Billie Burke appears as a tittering patron of the arts who throws them a party though they try and avoid their congenial hostess like the plague sneaking out to the patio. Dinah meets a French playwright and admirer Jacques Pierre Barredout (Jacques François) on her way out.

The young man strokes her ego telling Dinah she’s wasted in musical comedy. ” You could be a great tragic actress,” he says. Her husband is distrustful of his fawning and besides he sees his wife as a “song and dance girl.”

He’s like the Svengali who molded her, and that image doesn’t go over well with her. She’s ready to get out from under her husband’s influence; she’s no Pygmalion creation or shrinking violet. The rest of the movie is built out of this seemingly trivial tension in the rom-com mode.

Of course none of this conforms to reality as Rogers had won adulation and an Oscar for her work in Kitty Foyle at the beginning of the decade and she was largely the bigger star before they were ever teamed up. She maintained a fairly impressive film career throughout the ’40s and early ’50s.

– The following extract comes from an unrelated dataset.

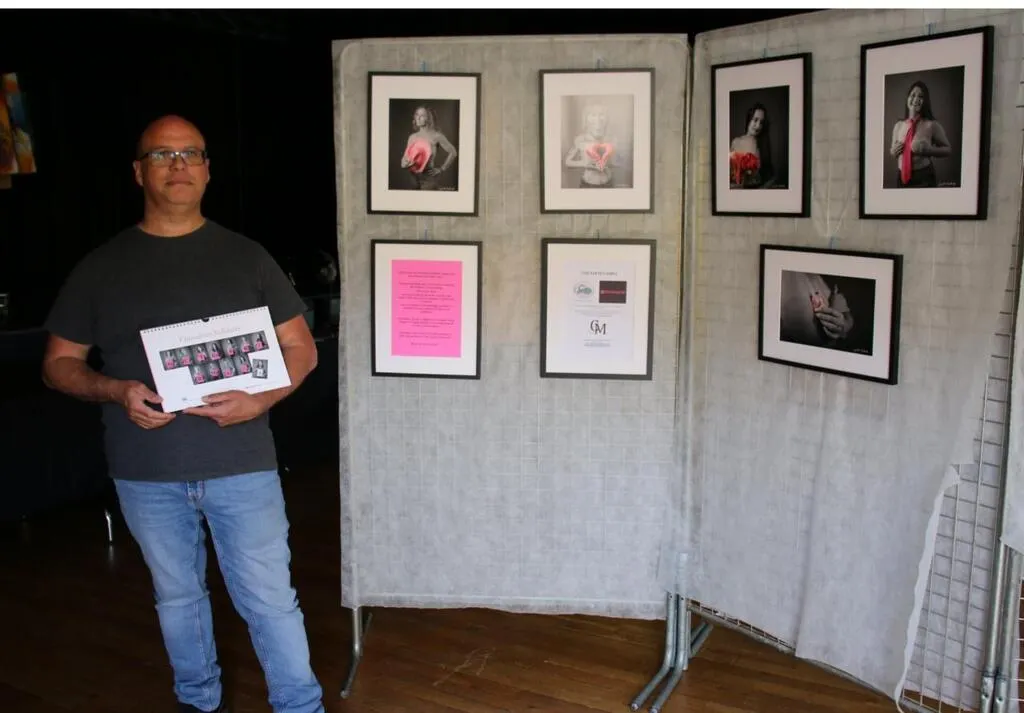 Cette inauguration s’est tenue en présence de Maryline Sangleboeuf, première adjointe. Parmi la vingtaine d’exposants, Cyrille Malherbe, photographe professionnel.  J’ai commencé la photographie à l’âge de 20 ans avec des appareils argentiques, puis j’ai retrouvé cette passion il y a cinq ans et j’ai décidé de m’inscrire au club photo ASL de Condé-sur-Sarthe (Orne), où je me perfectionne à la pratique du numérique. J’ai installé un studio à mon domicile où je peux proposer des prestations à la demande, et l’idée m’est venue de réaliser un calendrier illustré de photos de femmes avec des messages au profit de l’association Sées pour elles, pour venir en aide aux femmes touchées par un cancerÂ

Reading into these tenuous parallels too much is laughable, but it is part of the enjoyment.

The behind the scenes rehearsal environs do yeoman’s work in making this feel like the quintessential MGM the studio of Freed, Gene Kelly, writers Adolph Green & Betty Comden, and all those wonderful collaborations like Singin in the Rain and The Band Wagon.

It highlights the love of performance and the sensation of catching this brand of tap dancing-like lightning in the bottle as if we’re on the ground floor and privy to something only a select few get to see. That’s part of the magic of how they created these worlds for their characters to inhabit where the backstage and everything in between is blurred and the camera’s right in the thick of it to capture it all.

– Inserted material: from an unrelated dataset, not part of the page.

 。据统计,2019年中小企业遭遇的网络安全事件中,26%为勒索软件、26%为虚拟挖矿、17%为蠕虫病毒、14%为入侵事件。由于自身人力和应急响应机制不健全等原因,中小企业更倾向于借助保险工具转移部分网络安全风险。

The couple agrees to go out for some fresh air in the country much to Ezra’s chagrin. While Josh plays golf, Dinah agrees to become Jacques’s muse. Thereafter the Barkleys have a photoshoot with Look magazine right at the precise moment he realizes she has the script for the Frenchman’s play.

It becomes a send up of the perfectly quaint and manicured All-American Person to Person fireside chat as the married couple go ballistic once again, this time tearing through their house in a rage in between camera setups. These are mostly vapid bits of fun.

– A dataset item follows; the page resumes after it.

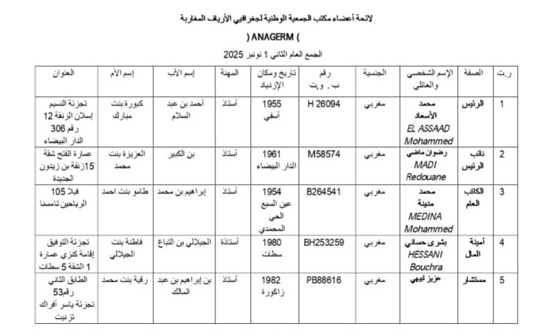 انعقد يوم السبت 1 نونبر 2025 بالمركز الجهوي لمهن التربية والتكوين الدار البيضاء سطات بمدينة الدار البيضاء, ابتداء من الساعة 10 صباحا إلى حدود الساعة 15، بالمدرح1،الجمع العام الثاني للجمعية الوطنية لجغرافيي الأرياف المغاربة (ANAGERM).

The true high points come when the stars are given these incubated moments to flash their inspiration in front of the camera. “Shoes With Wings On” conjures up a storefront milieu reminiscent of the toy shop in Easter Parade. Astaire puts on a pair of possessed dancing shoes and lets them carry away as only he can. It leads into a magical interlude where he’s joined with an army of ghost taps all stepping in time almost ready to run him off the stage until he takes arms in a surrealist defense involving a broom and toy guns.

Ezra tries to trick his friends into a reunion and they stand backstage at a benefit while he conducts a performance of Tchaikovsky. The man really has range, but then again he was a compatriot of the Gershwins who famously cut so lithely between popular, classical, and jazz composition. From my understanding, they made them one and the same with no delineation between high and low art.

The Barkley or rather Fred and Ginger are paired one last time with the Gerswhin tune “They Can’t Take That Away From Me.” If it’s not immediately apparent, there’s actually a bit of poeticism to its inclusion. So many years ago — in 1937 in fact — Astaire sang the song to his costar in Shall We Dance.

This time around they turned it into a dance with their typical elegance and joie de vivre. The Barkley of Broadways is unreserved proof they’re back, and they never lost it.

It’s so good to see them together; it’s also exactly what our hearts yearn for especially those who have lived vicariously through them for many years. Somehow they embodied us and still reached for heights we could only dream of and they did it with pure class.